An important question in the midst of the description of the hAH proteome is “where are all the proteins found in hAH coming from?” Although hAH is considered to be a plasma filtrate, there are considerable differences between plasma and hAH that suggest several cells and tissues from the anterior segment may be involved in active secretion of ions/proteins into hAH.9–11
Bovine and primate studies suggest that hAH proteins originate in the ciliary body capillaries and move via a protein gradient toward the iris root where they diffuse through the ciliary epithelium into hAH.2,44,45
However, other studies have suggested that the ciliary epithelium and the pigmented and nonpigmented cells of the ciliary body are actively involved in pumping out regulatory proteins into the hAH possibly in conjunction with tissues surrounding the anterior/posterior chambers.46,47
These proteins include hemopexin, ceruloplasmin, ferroxidase, and glutathione S
-transferase, enzymatic proteins involved in detoxification and oxidative damage protection.48
Although many of the proteins identified may come from blood, cDNAs encoding plasma proteins have also been identified in the ciliary body.46
Among these are complement component C4, α2-macroglobulin, and the plasma form of glutathione peroxidase.46
Our study confirmed their presence in human hAH and suggests that the ciliary body may be one of the tissues in the anterior chamber that has the ability to produce and secrete traditional plasma proteins into hAH.
hAH samples obtained from patients undergoing cataract removal has been the traditional control in studies of hAH from patients with anterior chamber disorders, such as uveal melanoma, myopia, corneal rejection, and glaucoma.25–27,49,50
Although considered normal, the presence of a cataract affects the concentration and components of hAH as suggested by the increase in α-antitrypsin, α2-macroglobulin, and β-crystallin proteins.51,52
Although hAH collected from normal healthy adults would have been ideal, such samples cannot be obtained ethically.53
Therefore, it is possible that some of the proteins identified in our study are present because of the underlying cataract condition. Another limitation of this study was that our growth factor, cytokine, and receptor analysis was limited to the proteins that were present on the protein array. Therefore, not all growth factors, cytokines, and receptors in hAH were identified.
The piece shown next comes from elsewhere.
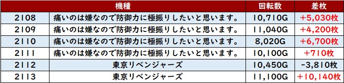 まずは「防振り~東京リベンジャーズ 2108~2113」の6台中5台が回転数1万G超えを達成!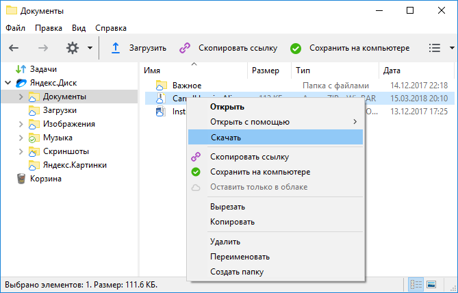В контекстном меню файла или папки выберите Скачать.

Although our study was thorough, 676 proteins are probably only a fraction of the overall protein profile within hAH. Nevertheless, our study provides a comprehensive list of the hAH proteins. This list may be considered as a reference to look for differences in protein expression in various pathologic conditions of the anterior segment with the possibility of identifying novel biomarkers for the disease and possible targets for novel therapeutic treatments.